For the last 40 years, I’ve roamed the polar regions of our world. I started as a child, growing up in an Inuit community on Baffin Island, Canada, where I learned from the Inuit people not just to survive in our environment — but to thrive in and love the Arctic for all it had to offer.
Later, as a scientist, I tried using data to make the case for conservation. But it wasn’t until I became a polar photographer for Sea Legacy and National Geographic magazine that I finally found a way to convey the urgency of protecting this fragile ecosystem for the good of all humanity.
As a scientist, what I know about the Arctic is terrifying. Currently, it’s warming twice as fast as anywhere else on the planet. As a photographer, I can observe and document these effects first-hand: receding glaciers, struggling wildlife populations, and cities impacted by rising sea levels.

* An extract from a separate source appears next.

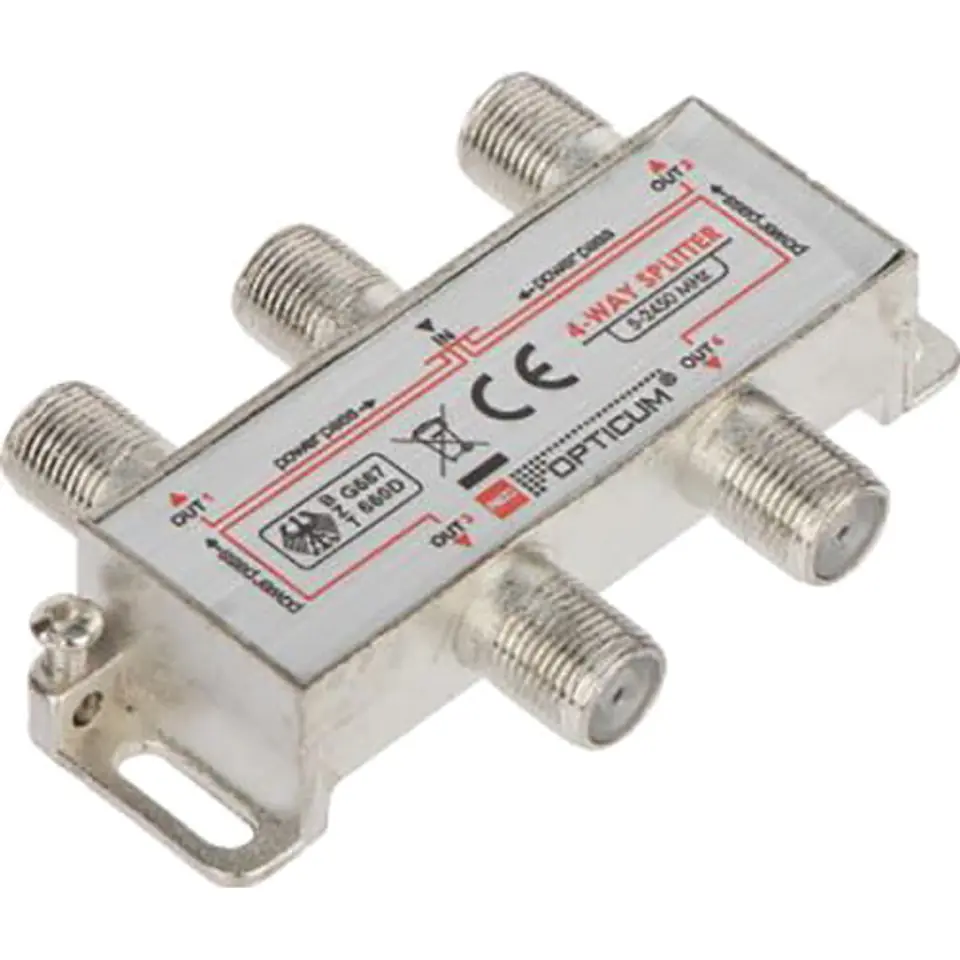 4-fold splitter operating in the range of 5-2400 MHz (designed for DVB-T/T2, DVB-S2). It lets tensions through.

And as the landscape changes, driven by climate change, I am watching the Arctic region become increasingly vulnerable. In particular, we should see the rapid disappearance of sea ice here for what it is: a sign of imminent and catastrophic change. The danger of an oil spill would deliver a fatal blow to this pristine and critically important ecosystem.

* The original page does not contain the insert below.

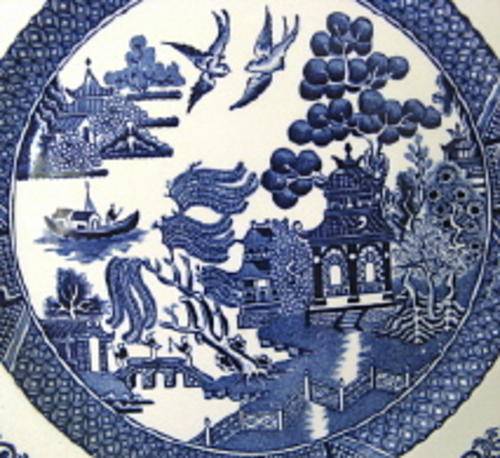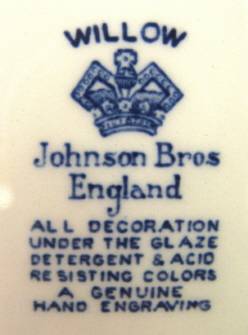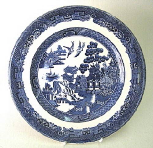 A willow pattern plate made by Johnson Brothers. No Chips or cracks but there are utensil marks from use. Diameter 225 mm.

This week, President Obama designated vast portions of the United States’ Arctic Ocean as indefinitely off limits for future oil and gas leasing.
The new withdrawal — which encompasses the entire U.S. Chukchi Sea and the vast majority of the U.S. Beaufort Sea — will provide critical protection for the unique and vibrant Arctic ecosystem, which is home to marine mammals and other vital ecological resources and marine species, and upon which many Alaska Native communities depend. With this action, we’ve now protected nearly 125 million acres in the Arctic from future oil and gas activity since 2015.

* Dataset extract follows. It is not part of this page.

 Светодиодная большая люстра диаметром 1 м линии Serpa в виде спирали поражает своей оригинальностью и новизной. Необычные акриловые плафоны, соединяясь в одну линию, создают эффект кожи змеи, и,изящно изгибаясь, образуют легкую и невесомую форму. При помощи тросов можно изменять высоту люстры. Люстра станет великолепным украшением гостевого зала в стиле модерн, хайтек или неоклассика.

This action also comes in conjunction with Canada’s announcement that it will freeze offshore oil and gas leasing in its Arctic waters, to be reviewed every five years through a climate and marine science-based assessment.
My career as a scientist, photojournalist, and co-founder of SeaLegacy.org has taught me that merely telling people the ice is melting doesn’t work. Temperatures are rising. Animals are struggling, starving and drowning. Water levels are gradually immersing cities. We can no longer just talk about this. We need to show the world how urgent it is with images and stories and, more importantly, with urgent action.
At this pace the Arctic will be void of ice by 2050. It’s a message that’s hard to hear but easy to understand when you see the damage at the poles of this great Earth. Species whose survival is at serious risk, like the Pacific walrus, polar bear, bowhead whale, fin whale, spectacled eider, and Steller’s eider will benefit from these protections, and so will the communities that rely on the Arctic ecosystem for their way of life.